Finn Dinghy Junioren WM: Phillip Kasüske holt Titel – Drama für Max Kohlhoff

Weltmeister!

Phillip Kasüske (21) segelt in einem nervenaufreibenden Finale zum U-23-WM-Titel. Damit hat seit ewigen Zeiten wieder einmal ein deutscher Finnsegler Grund zum Feiern.

Die Geschichte der Finn-Dinghy-Segelei in Deutschland hat eine lange Tradition und kann auf große Erfolge zurückblicken. Aber es ist jetzt schon zwölf Jahre her, dass ein deutscher Segler überhaupt bei Olympia starten durfte. Und vor Rio wird erneut kein Segler in der Ü-95-Kilo-Bootsklasse an den Start gehen.

Finn Dinghy Kasüske

Große Genugtuung nach der verpassten Olympia-Quali. © Robert Deaves

Alles wie gehabt also, und dennoch ist die Lage nicht so verzweifelt, wie man denken mag. Eine neue hungrige Finn-Truppe hat sich vor drei Jahren die Aufgabe gestellt, den Gipfel zum Finn-Dinghy-Olymp zu erklimmen.

Rio-Quali kam zu früh

Der ehemalige dänische Nationaltrainer Per Baagøe wurde als Coach engagiert. Er sollte eine junge Finn-Gruppe aufzubauen, die sich für Olympia 2020 in Japan an die Weltspitze heranpirschen kann. Die Jungs arbeiteten hart, und kurzzeitig sah es so aus, dass vielleicht schon 2016 die Qualifikation für Rio herausspringen könnte. Schließlich gelang Phillip Kasüske schon bei der Finn-Dinghy-WM im Mai ein sensationeller zehnter Platz.

Finn Dinghy Kasüske

Mit der Flagge in den Hafen. © Robert Deaves

Aber für die Rio-Qualifikation war das zu spät. Und so wollte sich der Berliner vom Verein Seglerhaus am Wannsee bei der U-23-Junioren-WM schadlos halten. Er startete nach seinem WM-Triumpf beim Silver Cup als Mitfavorit. Aber die Regatta war alles andere als ein Selbstgänger.

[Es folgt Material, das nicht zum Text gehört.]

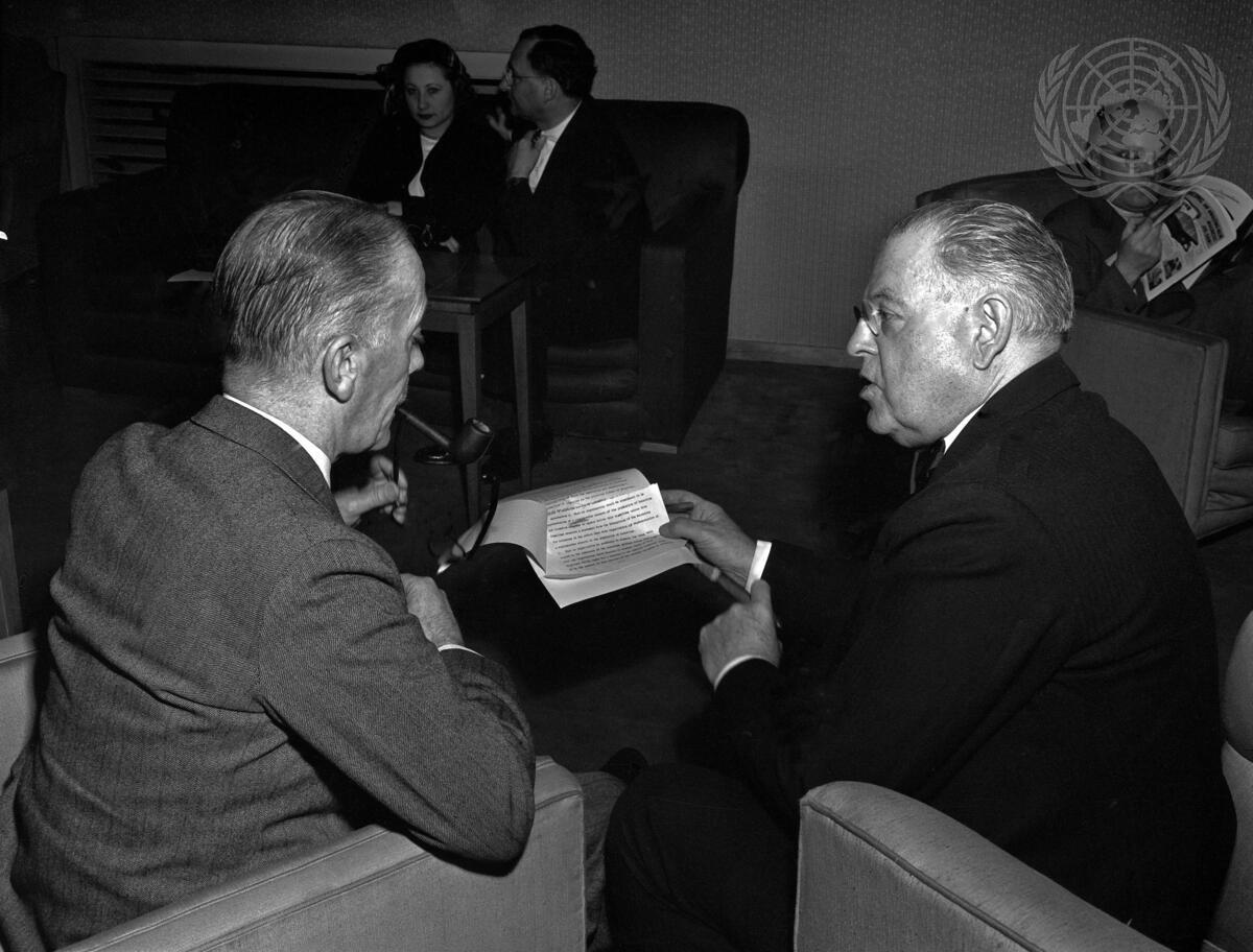 Sir Alexander Cadogan, of the United Kingdom (left) with Warren R. Austin, of the United States.

Nach einer soliden, kontrollierten Serie bei sehr gemischten Bedingungen zeigte er im Finale schließlich die nötige Nervenstärke, um den Titel im Feld der 35 Boote aus 15 Nationen zu holen.

Finn Dinghy Kasüske

Kasüske beim Vorwind-Pumpen. Keiner war so schnell wie er. © Robert Deaves

Eigentlich schien die Entscheidung im Duell mit dem Titelverteidiger Ondrej Teply aus Tschechien schon früh für den Deutschen nach der ersten Kreuz gefallen zu sein. Aber dann ließ Kasüske seinen Konkurrenten auf der folgenden Kreuzstrecke alleine nach rechts segeln.

Vorwind-Turbo

Coach Per Baggoe raufte sich die Haare, als sein Schützling hinter den Gegner zurückfiel, beide auf den Plätzen sieben und acht die Tonne rundeten und der Titel plötzlich in große Gefahr geriet. Aber dann zündete der Youngster wieder den Vorwind-Turbo, der ihn schon in der gesamten Woche aus misslichen Situationen gerettet hat. Kasüske wurde noch fünfter und Teply fiel auf Rang neun zurück. Gold für Deutschland!

Finn Dinghy

Der dänische Coach Per Baggoe freut sich über den Titel. © Robert Deaves

Bronze hinter dem Tschechen holte der Argentinier Facundo Olezza, der sich als einziger des Youngster-Feldes auch für Rio qualifiziert hatte. Er sorgte besonders bei Kasüskes Trainingspartner Max Kohlhoff für Unmut, weil er einen Protest gegen den Südamerikaner verlor.

Kohlhoff hatte am vierten Tag die Plätze 1/2 gesegelt und war zum Titelaspiranten aufgestiegen. Aber am Ende des Tages prangten zwei DSQs auf der Ergebnisliste. Im zweiten Rennen segelte wie alle ersten elf Boote an der Ablauftonne vorbei und wurde disqualifiziert.

Finn Dinghy Kohlhoff

Max Kohlhoff war besonders bei Starkwind sehr schnell unterwegs. © Robert Deaves

Im ersten Rennen geriet er mit dem Argentinier bei der Luvtonne aneinander (Möglicherweise in dieser Situation –  Video) und verlor den anschließenden Protest. Er zeigte aber eine starke Vorstellung und gehörte besonders bei Starkwind zu den Schnellsten. Mit einem Sieg im Abschlussrennen hievte sich Kohlhoff noch auf Platz sieben.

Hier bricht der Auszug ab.